Records from a data collection:
>>>>>
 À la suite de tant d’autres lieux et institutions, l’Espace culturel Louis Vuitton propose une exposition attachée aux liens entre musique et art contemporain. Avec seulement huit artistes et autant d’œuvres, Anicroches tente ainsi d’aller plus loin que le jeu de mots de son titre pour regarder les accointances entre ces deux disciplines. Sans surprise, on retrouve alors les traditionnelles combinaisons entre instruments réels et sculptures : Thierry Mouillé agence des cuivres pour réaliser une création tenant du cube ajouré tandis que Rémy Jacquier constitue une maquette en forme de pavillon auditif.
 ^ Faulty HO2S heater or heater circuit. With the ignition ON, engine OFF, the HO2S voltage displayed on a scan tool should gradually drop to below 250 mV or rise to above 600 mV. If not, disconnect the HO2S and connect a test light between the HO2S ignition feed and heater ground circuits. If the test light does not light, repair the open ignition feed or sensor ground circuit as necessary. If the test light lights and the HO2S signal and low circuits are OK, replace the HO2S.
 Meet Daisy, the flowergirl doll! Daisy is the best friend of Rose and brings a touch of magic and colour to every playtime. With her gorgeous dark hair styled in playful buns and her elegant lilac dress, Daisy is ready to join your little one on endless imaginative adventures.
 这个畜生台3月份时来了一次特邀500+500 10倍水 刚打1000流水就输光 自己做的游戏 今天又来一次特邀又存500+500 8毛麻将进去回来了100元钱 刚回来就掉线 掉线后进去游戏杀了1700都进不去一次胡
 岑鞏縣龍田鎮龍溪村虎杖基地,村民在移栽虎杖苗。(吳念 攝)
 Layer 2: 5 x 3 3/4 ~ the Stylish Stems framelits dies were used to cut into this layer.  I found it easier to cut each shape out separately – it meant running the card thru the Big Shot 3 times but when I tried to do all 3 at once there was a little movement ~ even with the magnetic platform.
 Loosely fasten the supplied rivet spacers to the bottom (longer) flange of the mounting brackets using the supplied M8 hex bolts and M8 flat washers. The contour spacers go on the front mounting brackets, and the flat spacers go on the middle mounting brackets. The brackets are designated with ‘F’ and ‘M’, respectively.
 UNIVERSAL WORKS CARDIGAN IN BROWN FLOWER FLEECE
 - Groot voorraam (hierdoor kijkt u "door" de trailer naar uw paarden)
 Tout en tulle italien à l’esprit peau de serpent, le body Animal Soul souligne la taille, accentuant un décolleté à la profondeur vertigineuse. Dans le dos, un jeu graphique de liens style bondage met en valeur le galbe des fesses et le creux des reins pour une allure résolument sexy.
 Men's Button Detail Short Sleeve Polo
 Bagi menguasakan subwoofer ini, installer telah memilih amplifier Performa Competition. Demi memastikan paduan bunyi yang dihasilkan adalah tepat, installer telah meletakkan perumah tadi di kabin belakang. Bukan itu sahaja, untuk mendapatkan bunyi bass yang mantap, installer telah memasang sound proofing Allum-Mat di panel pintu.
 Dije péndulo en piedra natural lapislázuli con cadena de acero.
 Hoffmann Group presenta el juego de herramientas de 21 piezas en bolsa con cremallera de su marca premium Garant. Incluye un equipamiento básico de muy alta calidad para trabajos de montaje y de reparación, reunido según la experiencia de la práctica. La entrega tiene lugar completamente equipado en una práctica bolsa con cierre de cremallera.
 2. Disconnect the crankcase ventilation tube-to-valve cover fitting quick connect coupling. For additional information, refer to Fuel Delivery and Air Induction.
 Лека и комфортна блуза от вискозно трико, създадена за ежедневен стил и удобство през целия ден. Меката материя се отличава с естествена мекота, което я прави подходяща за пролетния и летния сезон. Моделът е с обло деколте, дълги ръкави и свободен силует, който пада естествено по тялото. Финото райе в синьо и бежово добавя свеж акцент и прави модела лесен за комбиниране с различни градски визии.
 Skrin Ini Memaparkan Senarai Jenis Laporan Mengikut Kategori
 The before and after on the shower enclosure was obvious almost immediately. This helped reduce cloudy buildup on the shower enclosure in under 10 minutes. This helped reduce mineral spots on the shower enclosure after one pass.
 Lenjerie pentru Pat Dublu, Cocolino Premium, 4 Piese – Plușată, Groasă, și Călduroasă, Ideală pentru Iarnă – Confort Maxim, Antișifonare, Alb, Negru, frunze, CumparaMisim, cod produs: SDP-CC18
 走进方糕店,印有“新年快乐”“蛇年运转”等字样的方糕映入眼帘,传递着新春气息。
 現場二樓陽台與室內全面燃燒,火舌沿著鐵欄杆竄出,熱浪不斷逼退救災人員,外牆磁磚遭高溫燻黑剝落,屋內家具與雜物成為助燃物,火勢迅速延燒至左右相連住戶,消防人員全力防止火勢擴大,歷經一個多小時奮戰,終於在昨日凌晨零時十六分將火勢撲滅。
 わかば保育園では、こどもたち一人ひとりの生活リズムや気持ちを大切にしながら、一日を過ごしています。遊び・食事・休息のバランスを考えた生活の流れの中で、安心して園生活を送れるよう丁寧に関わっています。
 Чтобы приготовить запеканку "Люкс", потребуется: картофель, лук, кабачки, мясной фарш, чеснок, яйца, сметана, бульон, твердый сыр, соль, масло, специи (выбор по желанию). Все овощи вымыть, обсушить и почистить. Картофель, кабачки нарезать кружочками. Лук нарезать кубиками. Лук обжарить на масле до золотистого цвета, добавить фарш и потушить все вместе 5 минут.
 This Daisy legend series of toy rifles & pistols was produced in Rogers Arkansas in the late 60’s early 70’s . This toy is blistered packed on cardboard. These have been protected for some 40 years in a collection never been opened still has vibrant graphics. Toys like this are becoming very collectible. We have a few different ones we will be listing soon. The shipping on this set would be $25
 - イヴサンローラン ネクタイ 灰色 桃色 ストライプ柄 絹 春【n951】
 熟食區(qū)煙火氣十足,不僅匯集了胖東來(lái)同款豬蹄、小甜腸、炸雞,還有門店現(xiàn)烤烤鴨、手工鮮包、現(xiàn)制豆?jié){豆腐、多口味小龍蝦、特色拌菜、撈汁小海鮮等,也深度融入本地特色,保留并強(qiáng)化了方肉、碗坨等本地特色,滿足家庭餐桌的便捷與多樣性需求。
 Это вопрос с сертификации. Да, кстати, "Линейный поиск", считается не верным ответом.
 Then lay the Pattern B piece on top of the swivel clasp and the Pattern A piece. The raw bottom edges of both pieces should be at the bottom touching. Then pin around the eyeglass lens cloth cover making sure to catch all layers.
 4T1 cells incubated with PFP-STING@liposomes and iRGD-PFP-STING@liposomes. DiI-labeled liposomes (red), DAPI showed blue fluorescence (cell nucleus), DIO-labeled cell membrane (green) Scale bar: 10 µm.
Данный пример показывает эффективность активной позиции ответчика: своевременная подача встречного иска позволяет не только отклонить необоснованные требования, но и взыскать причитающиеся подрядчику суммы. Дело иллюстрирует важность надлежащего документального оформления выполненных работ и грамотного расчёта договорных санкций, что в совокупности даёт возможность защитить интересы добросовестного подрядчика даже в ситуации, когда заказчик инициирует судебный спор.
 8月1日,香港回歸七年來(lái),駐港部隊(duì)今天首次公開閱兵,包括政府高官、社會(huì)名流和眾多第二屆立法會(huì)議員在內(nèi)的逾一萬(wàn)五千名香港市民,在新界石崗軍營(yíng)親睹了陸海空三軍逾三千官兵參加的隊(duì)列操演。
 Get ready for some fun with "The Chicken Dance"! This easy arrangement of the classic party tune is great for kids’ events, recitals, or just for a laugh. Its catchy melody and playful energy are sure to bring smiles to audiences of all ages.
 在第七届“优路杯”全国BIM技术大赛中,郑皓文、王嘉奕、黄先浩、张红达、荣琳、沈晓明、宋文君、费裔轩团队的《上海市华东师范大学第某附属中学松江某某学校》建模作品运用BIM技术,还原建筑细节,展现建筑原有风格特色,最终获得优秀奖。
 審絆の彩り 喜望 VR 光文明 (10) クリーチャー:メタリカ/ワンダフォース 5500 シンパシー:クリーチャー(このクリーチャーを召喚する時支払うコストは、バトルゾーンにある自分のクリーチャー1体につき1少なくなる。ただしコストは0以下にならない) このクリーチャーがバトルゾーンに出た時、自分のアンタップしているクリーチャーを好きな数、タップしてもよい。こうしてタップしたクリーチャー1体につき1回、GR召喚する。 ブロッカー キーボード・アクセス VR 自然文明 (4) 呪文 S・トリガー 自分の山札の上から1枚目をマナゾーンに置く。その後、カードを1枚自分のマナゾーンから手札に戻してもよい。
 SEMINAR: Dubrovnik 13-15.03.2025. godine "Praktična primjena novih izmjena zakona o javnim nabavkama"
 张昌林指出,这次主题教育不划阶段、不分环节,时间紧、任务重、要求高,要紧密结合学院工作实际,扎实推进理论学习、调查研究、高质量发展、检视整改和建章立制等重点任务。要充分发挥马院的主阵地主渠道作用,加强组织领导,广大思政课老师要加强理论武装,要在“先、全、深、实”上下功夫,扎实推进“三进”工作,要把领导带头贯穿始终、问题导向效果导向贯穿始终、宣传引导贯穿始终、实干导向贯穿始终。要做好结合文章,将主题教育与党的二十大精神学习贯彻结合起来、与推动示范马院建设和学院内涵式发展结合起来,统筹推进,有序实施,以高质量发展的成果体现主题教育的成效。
<<<<<
EXERCISE AIM: Find each line above that contains "pour", and copy those lines.

ANSWER TO THIS PROBLEM:
 À la suite de tant d’autres lieux et institutions, l’Espace culturel Louis Vuitton propose une exposition attachée aux liens entre musique et art contemporain. Avec seulement huit artistes et autant d’œuvres, Anicroches tente ainsi d’aller plus loin que le jeu de mots de son titre pour regarder les accointances entre ces deux disciplines. Sans surprise, on retrouve alors les traditionnelles combinaisons entre instruments réels et sculptures : Thierry Mouillé agence des cuivres pour réaliser une création tenant du cube ajouré tandis que Rémy Jacquier constitue une maquette en forme de pavillon auditif.
 Tout en tulle italien à l’esprit peau de serpent, le body Animal Soul souligne la taille, accentuant un décolleté à la profondeur vertigineuse. Dans le dos, un jeu graphique de liens style bondage met en valeur le galbe des fesses et le creux des reins pour une allure résolument sexy.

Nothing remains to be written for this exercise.